Sibanye-Stillwater has reached a commercial settlement with Appian Capital Advisory, agreeing to pay $215 million to resolve a protracted legal dispute stemming from the South African miner’s decision to abandon a $1 billion acquisition of two Brazilian assets in early 2022. The agreement, which includes £5 million in previously paid legal fees, was announced on 10 November 2025, mere hours before a scheduled trial in London to determine the full extent of damages.
The controversy dates back to October 2021, when Sibanye-Stillwater revealed plans to purchase Atlantic Nickel, owner of the Santa Rita nickel mine, and Mineração Vale Verde, operator of the Serrote copper-gold mine, from Appian for a total of $1 billion in cash. The deal was intended to bolster the company’s exposure to battery metals, complementing its established gold and platinum group metals operations in South Africa and the United States, alongside existing interests such as a lithium project in Finland and a nickel processing facility in France.
Just three months later, in January 2022, Sibanye-Stillwater abruptly terminated the transaction, pointing to a geotechnical incident—a pit wall dislocation—at the Santa Rita mine as justification. Appian contested this move, arguing that the event did not constitute a material adverse change sufficient to warrant withdrawal. In February 2022, the London-based investment firm initiated proceedings in the High Court of Justice in England, seeking damages exceeding $1.2 billion, inclusive of the original purchase price and an estimated $218 million in royalties.
A pivotal ruling came in October 2024, when the UK court found Sibanye-Stillwater liable for unlawfully breaching the agreement, setting the stage for a quantum hearing that could have resulted in a payout surpassing $720 million, according to the miner’s own earlier assessments. The settlement averts that risk, with both parties expressing satisfaction at drawing a line under the matter after nearly four years of litigation.
Executives from both companies highlighted the benefits of the resolution. Sibanye-Stillwater’s leadership described it as being firmly in the best interests of the group and its stakeholders, enabling a shift in focus towards operational stability and portfolio growth without the burden of ongoing legal uncertainty. Appian’s chief executive similarly welcomed the outcome as constructive, allowing the firm to redirect resources towards fund management and expansion opportunities.
Analysts reacted favourably to the news.
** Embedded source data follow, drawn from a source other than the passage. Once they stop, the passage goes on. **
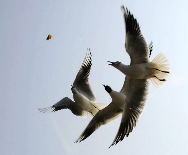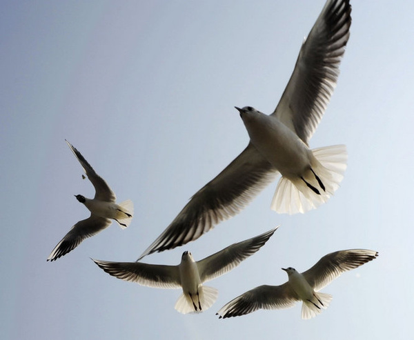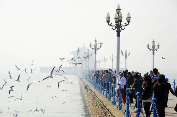 近年来,青岛的冬季又成了海鸥们的天堂,从遥远的北方飞来的海鸥们在青岛留了下来,成了这个城市的主人。它们云集在栈桥一带的海滨,或者觅食,或者嬉戏,洁白的身姿吸引了游人急促的步履。
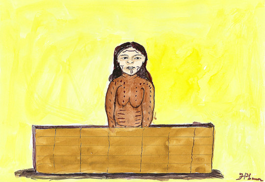 Só os dois homens moravam naquela casa. Mas Wasu viu que tinha materiais de trabalho de mulher. Tinha ralo, tipiti, cumatá, peneira, aturás, balaios, forno para fazer beiju. Tudo! Um dia, Diabo sem Cu foi convidado pelo pessoal de outra aldeia para ir tomar caxiri com eles. E foi-se embora! Ficou somente o primo dele, Wasu, para tomar conta da sua casa. À tardinha, começou a ouvir um barulho no alto do jirau da casa, viu que algo se mexia. Wasu ficou olhando o que estava acontecendo. De repente, viu que tinha um baú no alto do jirau. Ele abriu o baú, de onde surgiu uma mulher bonita. Ela saiu da mala, desceu e foi mexer em todo o material da casa. Fez beiju, farinha… Quando acabou tudo, ela entrou no baú. Wasu, vendo que ela era bonita, começou a namorar a mulher do Diabo sem Cu.
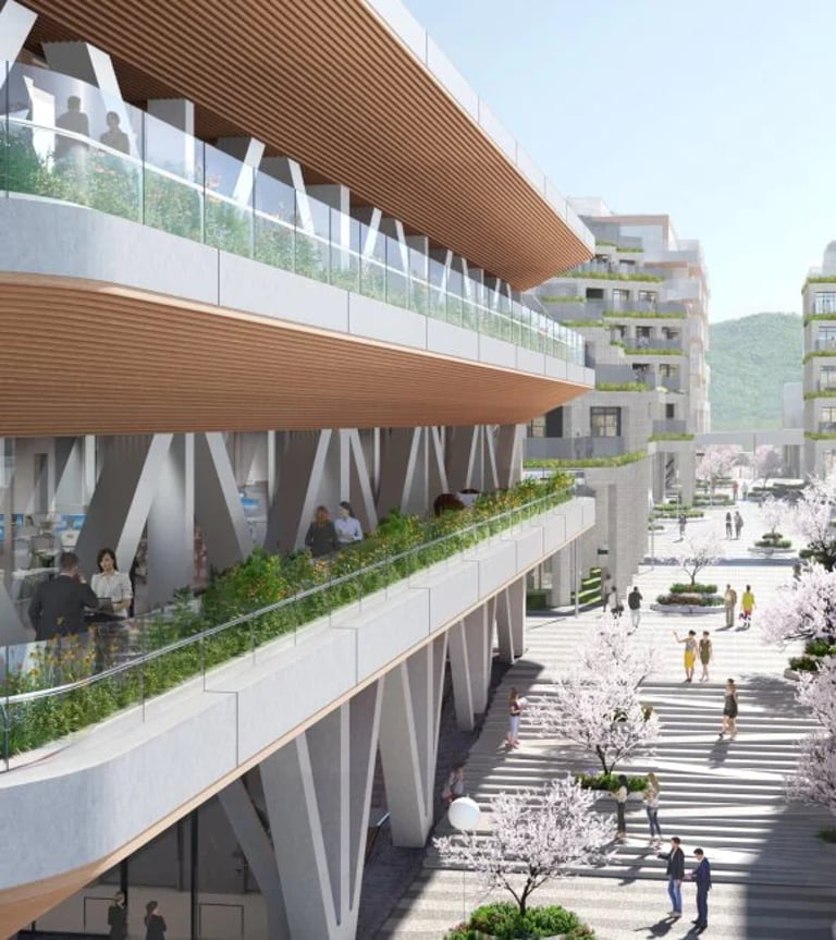 Everything is human-centred and integrated with a focus on wellbeing. Powered by hydrogen fuel-cell technology, the buildings are designed to “take care of basic needs and enhance daily life”, to the extent that sensors connected to AI will check the health of residents and even suggest what food to eat to improve both wellbeing and happiness, and prompt when exercise or fresh air is necessary. Groceries will be ordered automatically and menial jobs such as cleaning will be looked after by in-home robots, freeing up time for the residents and helping to remove stress.

According to a note from BMO Capital Markets, as reported by MINING.COM, the settlement represents a modest positive development for Sibanye-Stillwater, as the company can cover the amount from existing cash reserves while eliminating a significant overhang that has lingered over its shares. This sentiment was echoed in market performance, with the firm’s US-listed shares rising 6.5% at the open on 10 November, pushing its market capitalisation close to $12 billion. In Johannesburg trading, shares climbed as much as 7.1% to close at 48.96 rand, contributing to year-to-date gains exceeding 200%, largely driven by stronger prices for platinum group metals and gold.
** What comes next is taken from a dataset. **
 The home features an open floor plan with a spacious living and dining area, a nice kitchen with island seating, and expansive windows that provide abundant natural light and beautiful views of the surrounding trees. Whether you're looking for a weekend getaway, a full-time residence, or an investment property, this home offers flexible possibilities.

The Santa Rita operation, one of the world’s largest open-pit nickel sulphide mines, is approaching the end of its surface phase and is poised to transition to underground mining, potentially extending its lifespan significantly. Meanwhile, the Serrote mine in Alagoas is projected to yield around 20,000 tonnes of copper-equivalent per year over a 14-year period.
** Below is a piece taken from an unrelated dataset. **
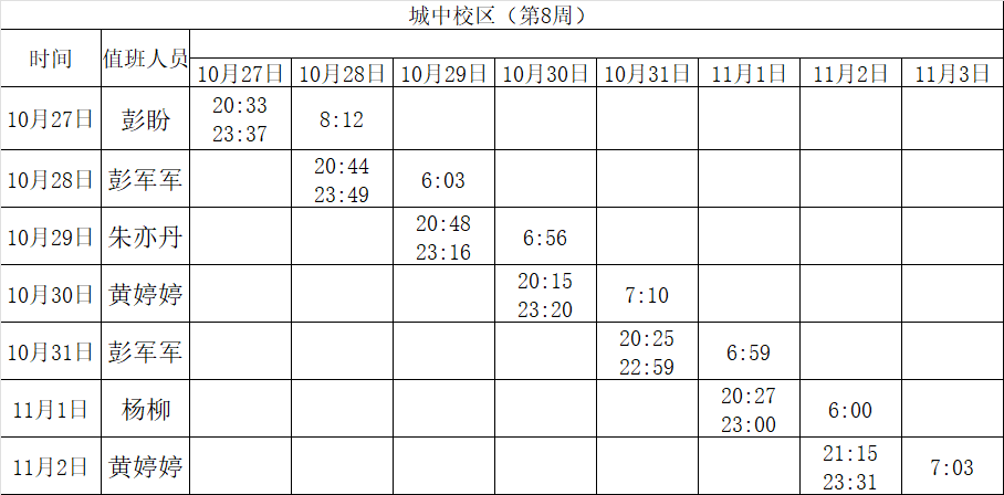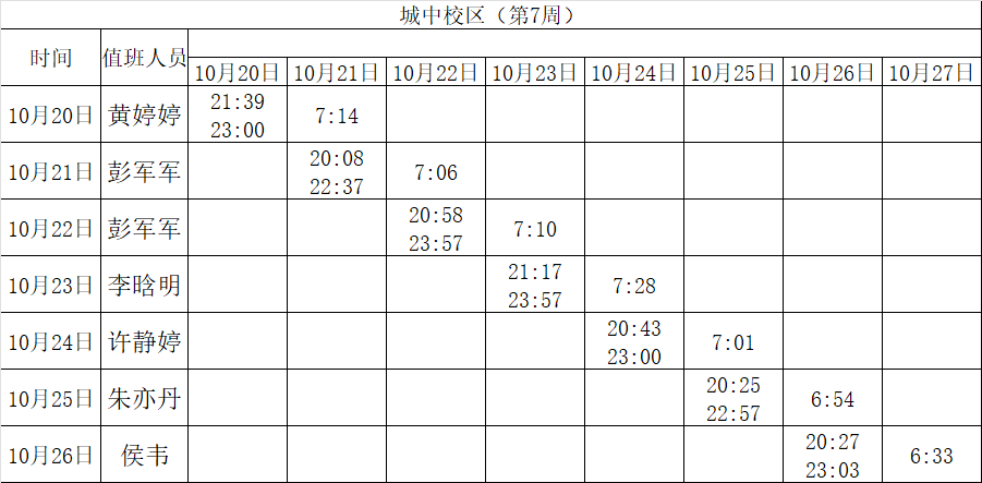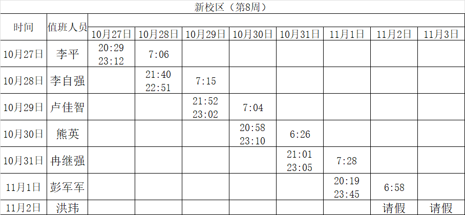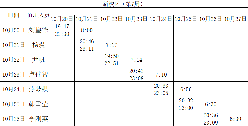 2025-2026学年第一学期第7-8周学工人员寝室值班通报

This is not the only battery metals venture Sibanye-Stillwater has reconsidered in recent years. Earlier in 2025, the company withdrew from a planned investment in the Rhyolite Ridge lithium-boron project in Nevada, originally unveiled in 2021, amid challenging market conditions for such commodities. The Appian resolution, however, provides closure and clarity, allowing the miner to prioritise consistent delivery across its diverse global assets.